Gone With The Wind poster.


As a relatively new Discworld fan, I am still getting to know Pratchett’s world and the way the series operates, but after nine books I can say that I have noticed a recurring theme: Pratchett loves to take an invention/development from our own world and introduce it to the Discworld, often with hilarious results that reflect our own response back to us. Sometimes these books tie in wonderfully with the overarching plot of its respective subseries (like Men At Arms – review coming soon!), but they can also be little more than amusing filler (like Soul Music – review here).

Moving Pictures falls in the second category: witty and quotable, but ultimately skippable.

As was the case with Soul Music, your enjoyment of this book will partially depend on how familiar you are with the subject at hand.
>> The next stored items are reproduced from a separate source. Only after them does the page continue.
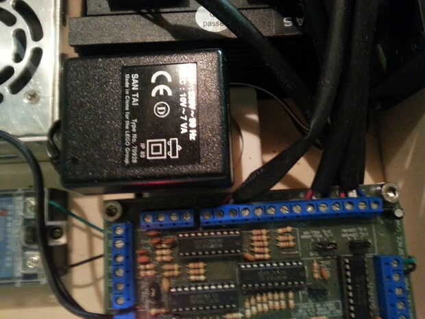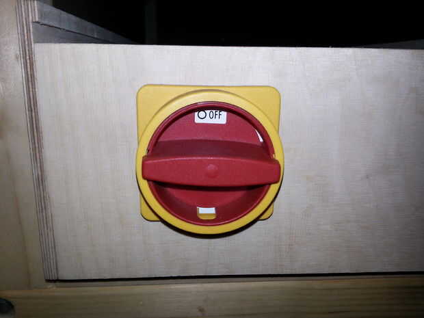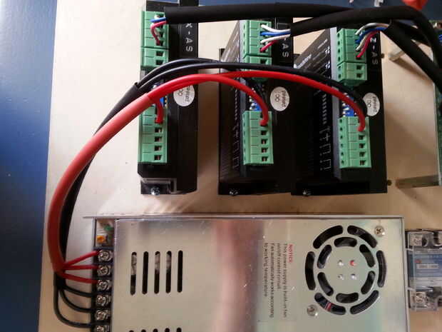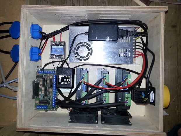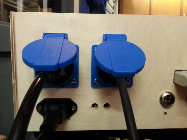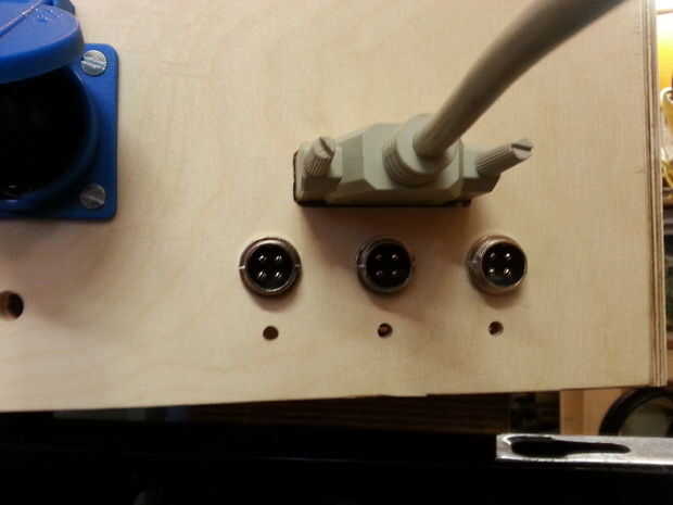 Todos los cables se pueden conectar en la parte posterior del recinto. Usé hilo especial de 4 enchufes, porque quería ser capaz de desconectar la electrónica de la máquina, sin tener que desenroscar a cualquiera de los terminales del cable. También instalé dos tomas de corriente para proporcionar energía en el eje y un shopvac. Las tomas de corriente están conectados al relé para encender el router y desactivar automáticamente en Mach3. Montara una PowerSwitch para grandes en la parte frontal del recinto.
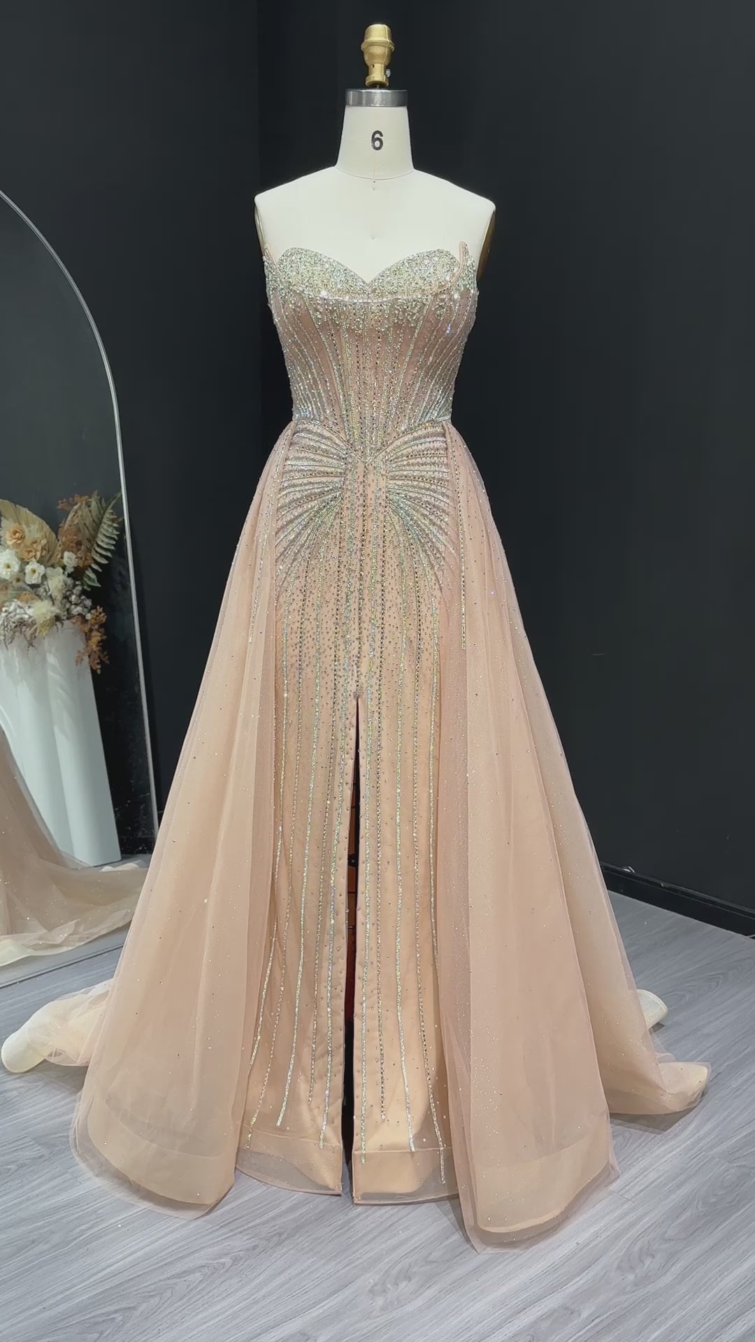 Luxury Beaded Champagne Evening Dress with Overskirt SS360
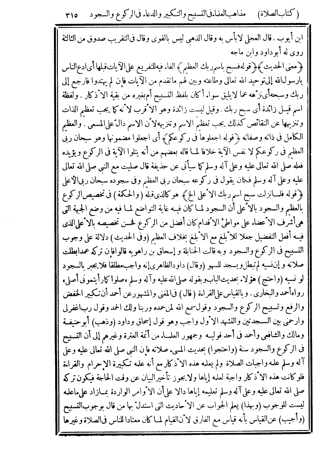 عليه وعلى آله وسلم فكان يقول في ركوعه سبحان ربى العظيم وفي سجوده سبحان ربى الأعلى
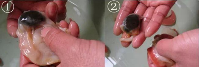 第一步:把尾部最外面两个小脚拧断,然后捏着尾部轻轻往上一折,再拧掉。
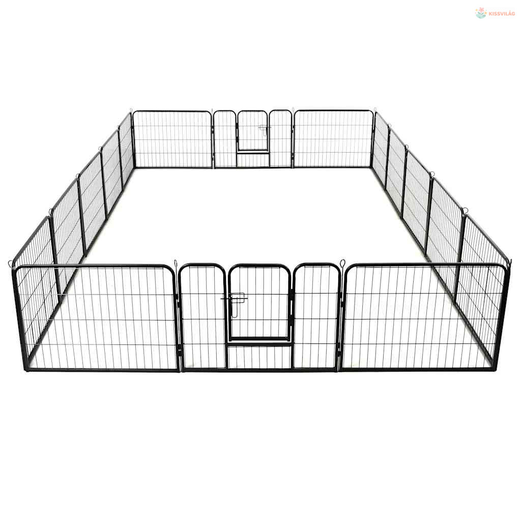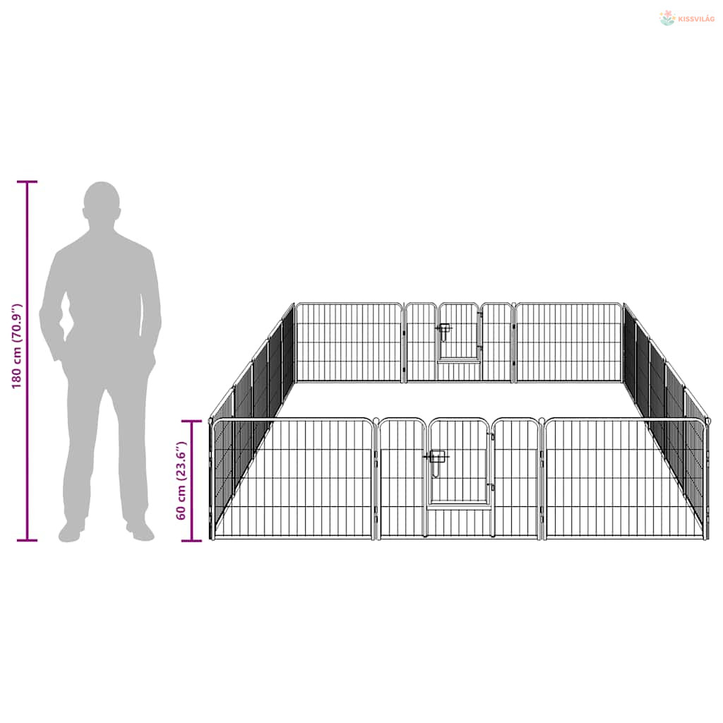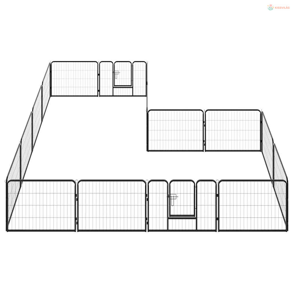Fekete színű acél kutyakennel 16 panelből 60 x 80 cm
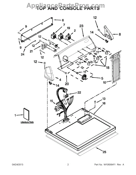 The Console Clip is an OEM part compatible with Whirlpool dryers. This clip secures the control console assembly to the top panel, ensuring it is firmly mounted during operation. Properly functioning clips are necessary to maintain the correct alignment of controls and prevent detachment.
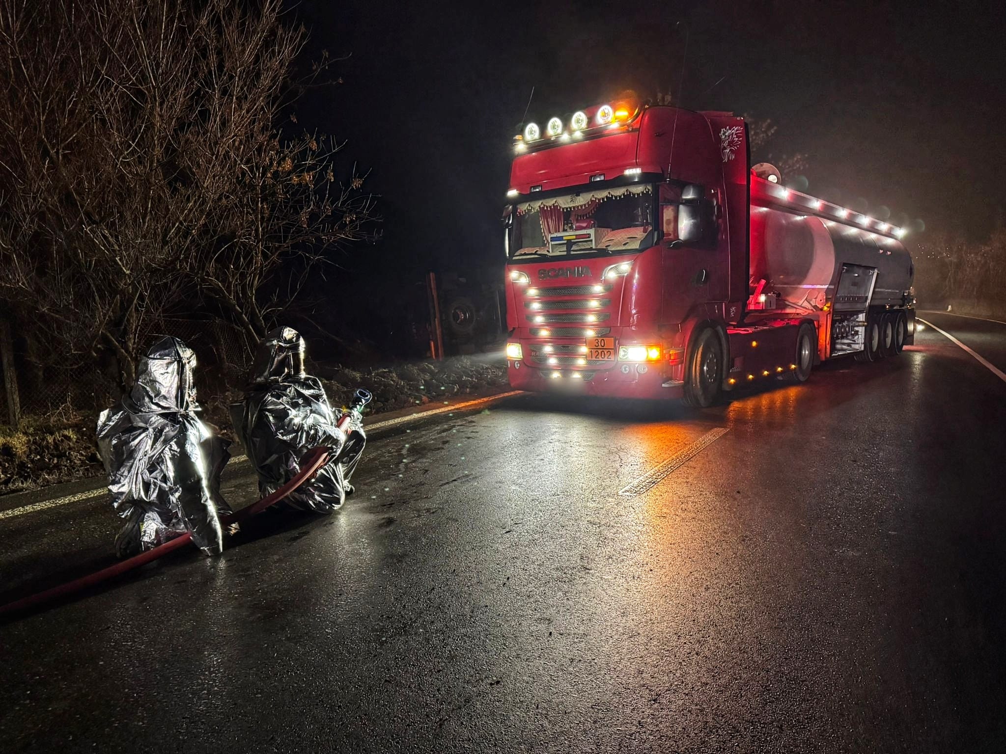 Cisterna este încărcată cu 31.000 de litri de benzină. Au fost scurgeri ușoare, pe care pompierii militari au reușit să le oprească.

If you know nothing about old Hollywood, many of Pratchett’s references to movies like Gone With the Wind or the Conan the Barbarian series will go completely over your head – a bit like the movie Hail Caesar. I would imagine that it is a fun enough read even if you do not get these very specific jokes, but even so, you would miss out on a lot the humour.

Pratchett’s trademark philosophy is also present, like when its heroine Ginger sighs:

You know what the greatest tragedy is in the whole world?… It’s all the people who never find out what it is they really want to do or what it is they’re really good at. It’s all the sons who become blacksmiths because their fathers were blacksmiths. It’s all the people who could be really fantastic flute players who grow old and die without ever seeing a musical instrument, so they become bad plowmen instead. It’s all the people with talents who never even find out. Maybe they are never even born in a time when it’s even possible to find out. It’s all the people who never get to know what it is that they can really be. It’s all the wasted chances.

It is even hidden away in tiny throwaway lines like this one:

Inside every old person is a young person wondering what happened.

There are also some thoughts on the effect of film on society, but this is something many have already written about and Pratchett does not really add anything new to the conversation.

Which is fine.

The Discworld counts forty-one novels written over the course of three decades – they cannot all be winners. As filler goes, Moving Pictures is a perfectly entertaining, perfectly adequate book to spend a few hours giggling at, and maybe that’s all it needs to be. If you are still wondering where to tackle the Discworld series first, I would recommend leaving this one until later and taking a look at this helpful diagram instead.